Obama’s Weight Tip for Oprah
By: John Lillpop
Once again, Oprah Winfrey has ballooned to the size of the Goodyear Blimp while preaching to 20 million out of touch women every day, most of whom are unemployed welfare queens who treat Oprha’s every word as if it were ordained by God, Himself.
Writing in the January edition of “O” magazine, O as in OBESE!, Oprah resorts to the typical excuse proffered by chunky housewives who blame all of that ugly fat on an out-of-balance thyroid, a miserable child hood, the George W. Bush presidency, and a newly minted “fear of working out.”
According to the guru of prime time fat, she has gained 40 pounds since 2006, when she weighed 160. That leaves her lumbering around at 200 pounds and damn near as unsightly as Al Gore.
Her addiction to Snickers bars and introspective psychobabble lead Oprah to say, “I look at my thinner self and think, `How did I let this happen again?’” “I’m embarrassed,” she says. “I’m mad at myself.”
How did it happen?
Remember all of those eating frenzies that you enjoyed while pushing the Barack Obama candidacy all across America?

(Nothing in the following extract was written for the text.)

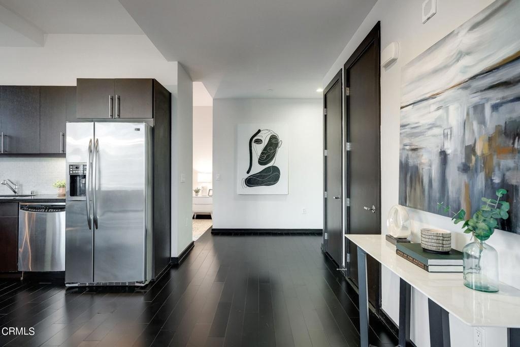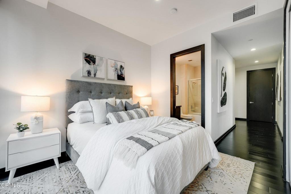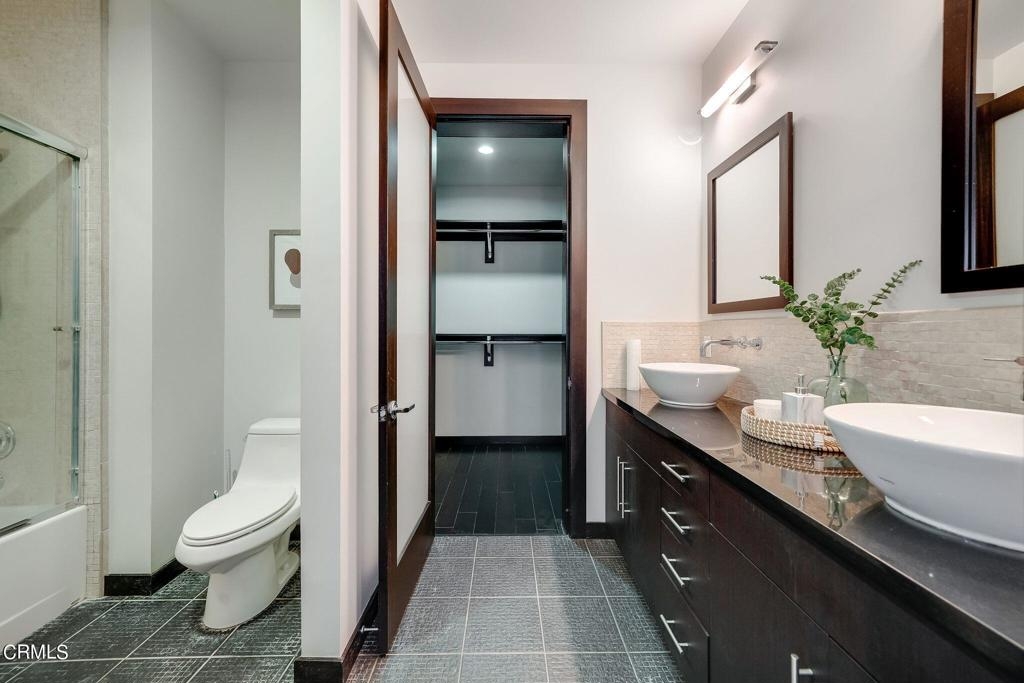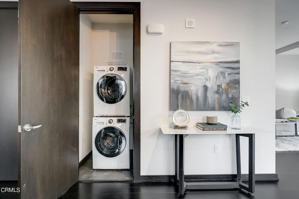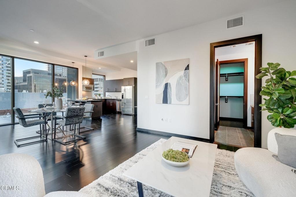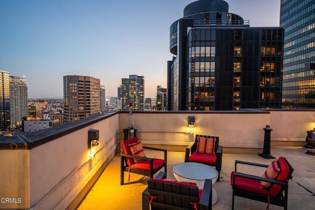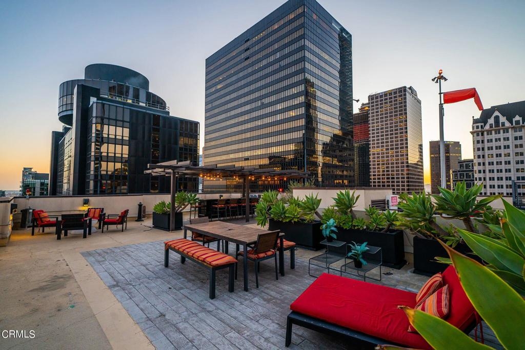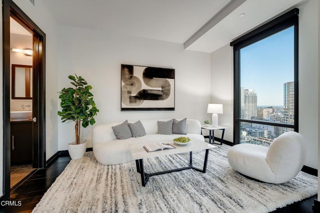 655 S. Hope Street #1705 is a modern Los Angeles condominium, featuring two bedrooms, two ensuite bathrooms and 1,080 square feet of living space polished to perfection. Located in the Financial District, the sophisticated penthouse puts the city on display with floor-to-ceiling windows throughout. An open floor plan layout creates airy spaces, 10-foot ceilings soar overhead and skyline and city views--including of the Wilshire Grand--are visible from each room.The living room has comfortable seating, neighbored by an elegant dining area--a perfect space to entertain amidst incredible views. The sleek kitchen includes stainless steel appliances, a gas range, an oversized breakfast bar and pendant lights. The primary suite provides a spacious walk-in closet with custom shelves and a luxe bathroom with a dual vanity and mosaic tile. A stacked washer and dryer add ease.Abundant building amenities include 24/7 security and concierge, a rooftop sundeck, barbecue, a chic bar with panoramic downtown views, a resident club, playroom, gym and a helicopter pad. Residents will have a dedicated 60-square-foot storage area in the basement and one parking space included on their title. Located directly above the 7th Street metro station, enjoy a prime location moments from the Staples Center, LA Live, the Wilshire Grand, Bottega Louie, Alamo Draft House, LA Athletic Club and other restaurants, bars and coffee shops. Undergoing an exciting development boom of luxury high-rises and hotels, this area is a hot spot to live, work and play. Welcome to exquisite city living.

Remember the non-stop gorging with stuffed pizzas, ice cream, whipped cream, melted chocolate, fudge, apple pie, chips of all types and sizes, candies from every nation in the world, and every other delectable goody that you have rammed now your throat since November 4 to celebrate the election of your razor-thin brother to the White House?
Might your 15,000-calorie a day diet have something to do with your out of control girth?
That, and your insane “fear of working out” would bloat a damn elephant beyond recognition.
Still, Barack Obama is a perfect role model for those who wish to control their weight and demonstrate perfect self-control.
Why not give Obama’s weight management plan a try?
Namely, smoke and inhale two packs of unfiltered Pall Mall cigarettes every day and just watch those pounds melt away!